路徑名查找(pathname lookup)
當我們使用open(), mkdir()等系統調用的時候,需要根據路徑名找出對應的VFS對象(inode, dentry等),這個過程就涉及pathname lookup。前面提到過,如果操作的這個pathname,是以"/"開頭的,則從current(當前進程)->fs->root開始查找,否則就是從current->fs->pwd開始。有了開始點,就可以遞歸的開始查找了。
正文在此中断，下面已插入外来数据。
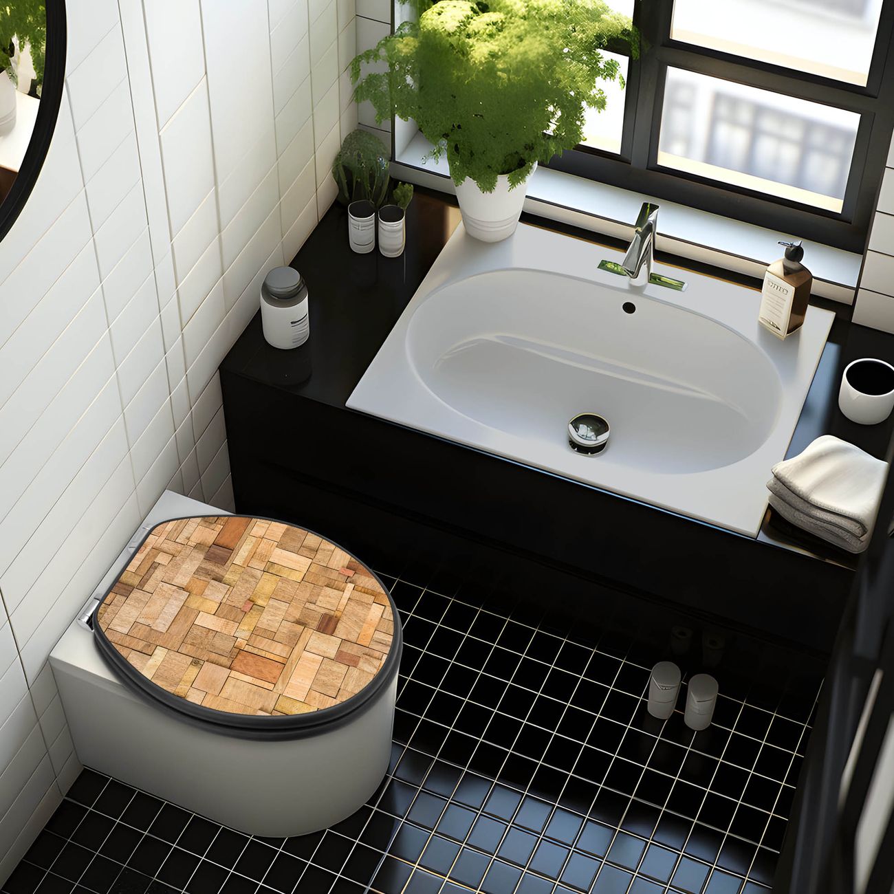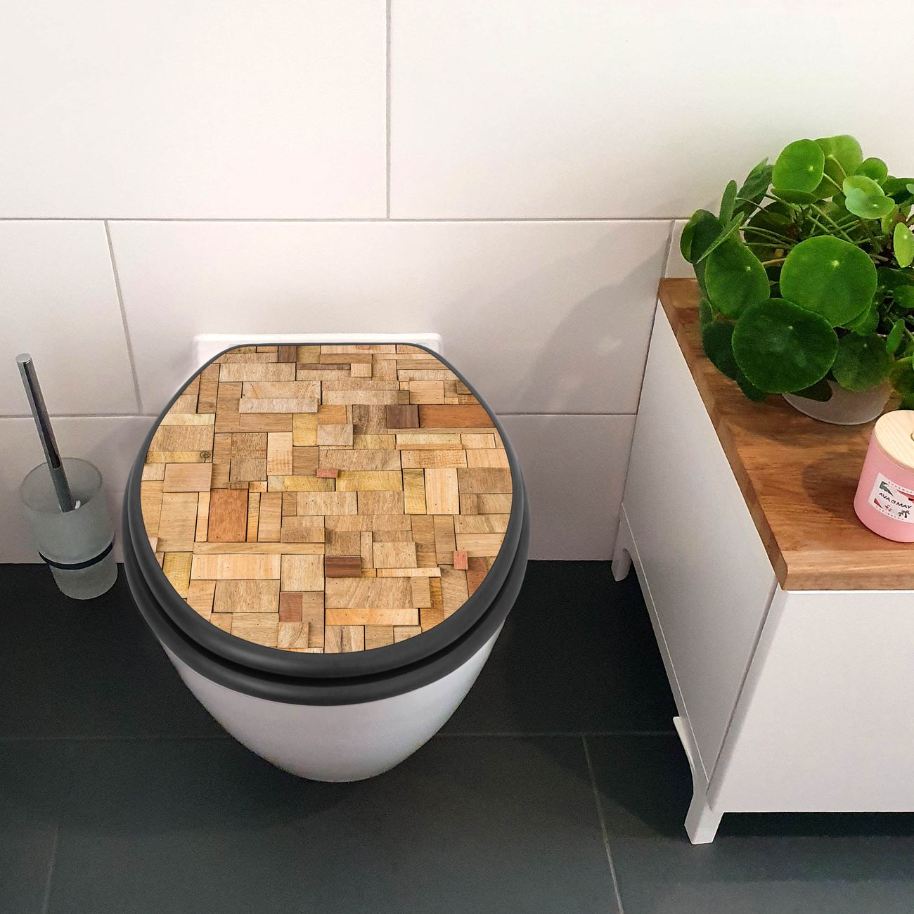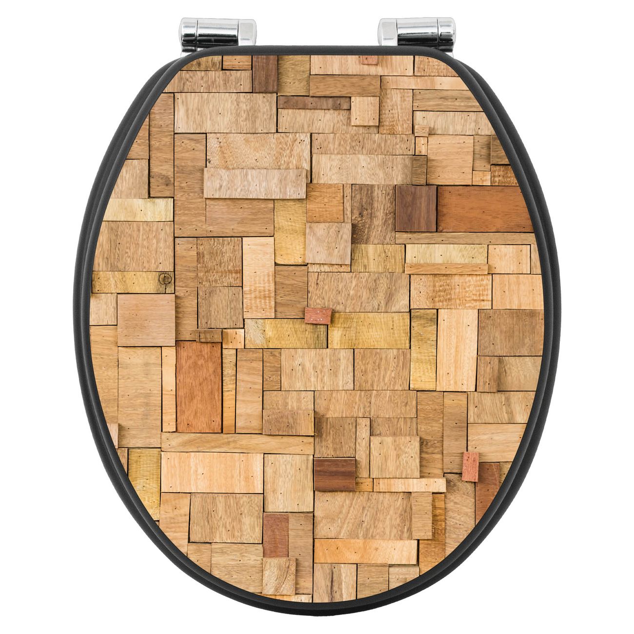 WC Sitz Anthrazit mit Absenkautomatik Motiv Hölzernes Flickwerk

另外,為了加速這個查找過程,內核還使用了dentry cache(dcache)。
注冊文件系統
要注冊或反注冊一個文件系統,使用下面的函數<linux/fs.h>:
extern int register_filesystem(struct file_system_type *); extern int unregister_filesystem(struct file_system_type *);
從/proc/filesystems里可以看出系統里已經注冊的文件系統類型。
file_system_type
struct file_system_type {
const char *name;
int fs_flags;
#define FS_REQUIRES_DEV 1
#define FS_BINARY_MOUNTDATA 2
#define FS_HAS_SUBTYPE 4
#define FS_REVAL_DOT 16384 /* Check the paths ".", ".." for staleness */
#define FS_RENAME_DOES_D_MOVE 32768 /* FS will handle d_move() during rename() internally. */
struct dentry *(*mount) (struct file_system_type *, int,
const char *, void *);
void (*kill_sb) (struct super_block *);
struct module *owner;
struct file_system_type * next;
struct hlist_head fs_supers;
struct lock_class_key s_lock_key;
struct lock_class_key s_umount_key;
struct lock_class_key s_vfs_rename_key;
struct lock_class_key s_writers_key[SB_FREEZE_LEVELS];
struct lock_class_key i_lock_key;
struct lock_class_key i_mutex_key;
struct lock_class_key i_mutex_dir_key;
};
當使用mount掛載一個文件系統時,內部會調用對應的file_system_type的mount函數來掛載該文件系統。mount函數調用后會返回一個dentry,這個dentry會對應着一個super_block。mount方法會設置super_block的s_op指針,指向具體的實現。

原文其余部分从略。